I don’t even want to do everything.”
“Okay, well. I want to do a lot. I want to touch you and taste you all over.”
His smile faded right away, but his mouth stayed open. “Jesus.” He kissed her, and it was softer and less demanding than his kiss when he’d first come in. But it was deeper and more arousing to her, too. Because she wasn’t afraid. She put her hands on his belt buckle, and he groaned.
Just as she had his belt open and was working the button of his jeans, she felt a buzz under her arm, on his thigh. A second later, his phone rang.
He dropped his head. “Fuck. That’s the burner.” With obvious reluctance, he released her and pulled the offending device out of his pocket. She knew he had to answer; he’d been pulled away from her more than once over the years. Never in this particular situation, though.
“It’s Badge…yeah…on my way.” He ended the call and put his phone away. “I gotta go, babe.
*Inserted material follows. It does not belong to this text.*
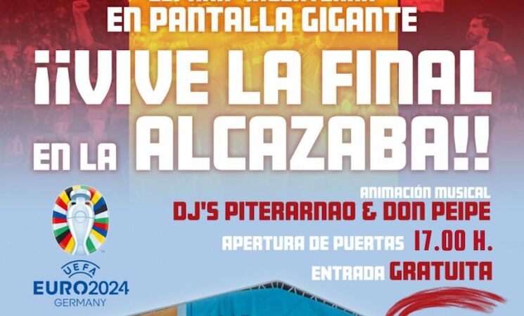 La ciudad de Badajoz contará con una pantalla gigante para seguir el partido de la final de la Eurocopa que enfrentará a la Selección Española con Inglaterra este domingo, 14 de julio, a las 21:00 horas, que podrá verse en directo en el recinto de La Alcazaba con animación previa al encuentro.

I’ll be back, though. Definitely.”
“Okay.” But she was worried about him. “Are you okay?”
“I am. You make me okay.”
CHAPTER EIGHT
Len parked the club van in front of the high school. He and Badger got out, leaving their kuttes in the van, and walked through the front doors. Badger hadn’t been in this building since he’d graduated, but he still had the same kind of feeling, heavy in his gut, as they turned right and went into the administrative offices. Not that he’d gotten in much trouble—a couple of fights, and an incident with fireworks that had gotten his ass suspended—but still. The office. He didn’t think anyone who’d ever been to high school didn’t understand that weird clench he was feeling.
And this was weird—coming to the high school to pick up Nolan. He’d been shocked to his boots when he’d gotten to the clubhouse and Len had said they were headed to spring Nolan out of the vice-principal’s office. Even in their heyday, he didn’t think the Horde was usually the first call the high school made, especially for a kid who wasn’t officially related.
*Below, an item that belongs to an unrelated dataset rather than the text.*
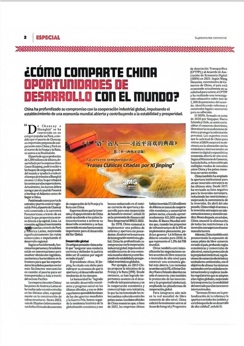 11月14日,秘魯最具影響力的官方報紙《秘魯人報》刊發(fā)節(jié)目在秘魯落播的消息。文章指出,《平“語”近人——習(xí)近平喜歡的典故》第三季展現(xiàn)了中華民族開放包容、兼收并蓄的文化胸懷,闡釋了習(xí)近平主席提出的推動構(gòu)建人類命運共同體的這一重大理念,是對“建設(shè)一個什么樣的世界、怎樣建設(shè)這個世界”給出的中國方案?!睹佤斎藞蟆诽乜婵l(fā)《平“語”近人——習(xí)近平喜歡的典故》第三季(西班牙語版)將在秘魯主流媒體落播特稿?!睹佤斎藞蟆饭倬W(wǎng)也同步刊發(fā)了節(jié)目預(yù)告消息和海報。

But he was Havoc’s stepson, and it turned out that Mr. Parks, who’d been the vice-principal in Badger’s day and still was, had been a Horde hangaround years back. He still knew enough to know what had happened in the fall and that maybe Nolan’s mom didn’t need this stress right now. So, ignoring protocols (and, for all Badger knew, law) he’d called Len. And Len had called Badger, who hung out with Nolan a fair amount.
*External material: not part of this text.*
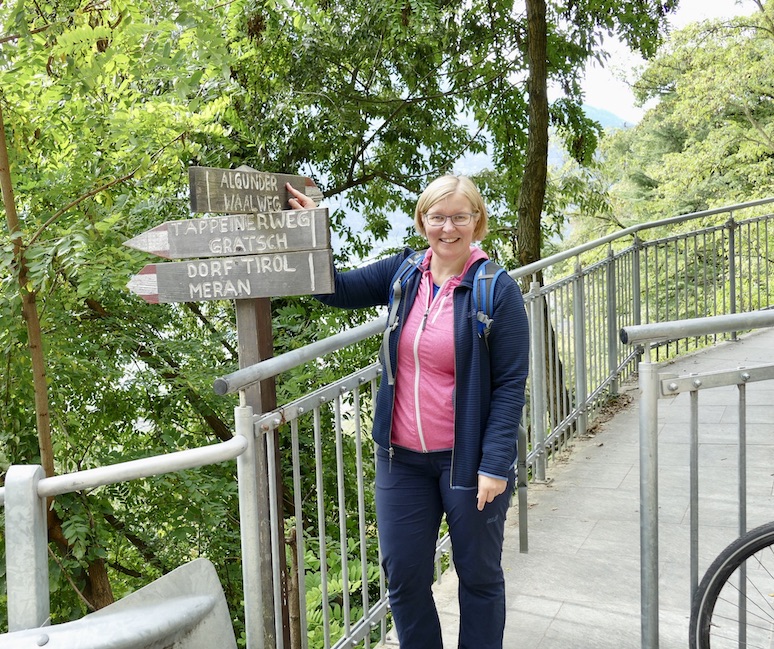 Der Algunder Waalweg gehört zu den schönsten Panoramawanderwegen im Meraner Land. Der komplette Algunder Waalweg hat gut 6 km und verläuft von Ober- und Mitterplars über Algung bis Gratsch. Wir laufen hier jedoch nur das kurze Endstück bis zur Hängebrücke. Ein kleines Stück an der Strasse entlang, dann beginnt der berühmte Tappeinerweg.

Because Nolan was drunk out of his head. At school. And he’d started a fight in the lunchroom. All he needed now was to be caught with contraband, and he’d get all three strikes on the first go.
There was an older woman, with the sort of grey, puffy hair that Badger thought of as ‘old lady hair,’
behind the tall, wide desk. He didn’t recognize her. She looked up and took in Len, with his eye patch and nearly-full coverage of ink, and Badger, with his long ponytail and full beard, and blinked. Then her mouth pinched just a little.
Len smiled and said, “Afternoon. We’re here to see Andy Parks.”
Grey-Hair picked up a phone and pressed a button. “Mr. Parks, I think Nolan’s guardians are here.” She said the word ‘guardians’ as though she most emphatically was not buying what they were selling. Then she hung up and said, “Behind the desk, second door on the left.”
“Thank you, ma’am,” Badger supplied. She didn’t respond. They walked past the desk in the direction she’d pointed them.
As they approached the door, it opened, and Mr. Parks took a step out. He was a short, heavyset man with short, balding brown hair and a neatly trimmed Van Dyke beard. He didn’t look like much, really, but he was a badass. Badger had seen him break up wild fights among boys bigger than him without breaking a sweat. He had a way of speaking that was short and sharp, and when he thought you were talking bullshit, he’d laugh in a way that was almost a bark. It wasn’t cool to get called to his office.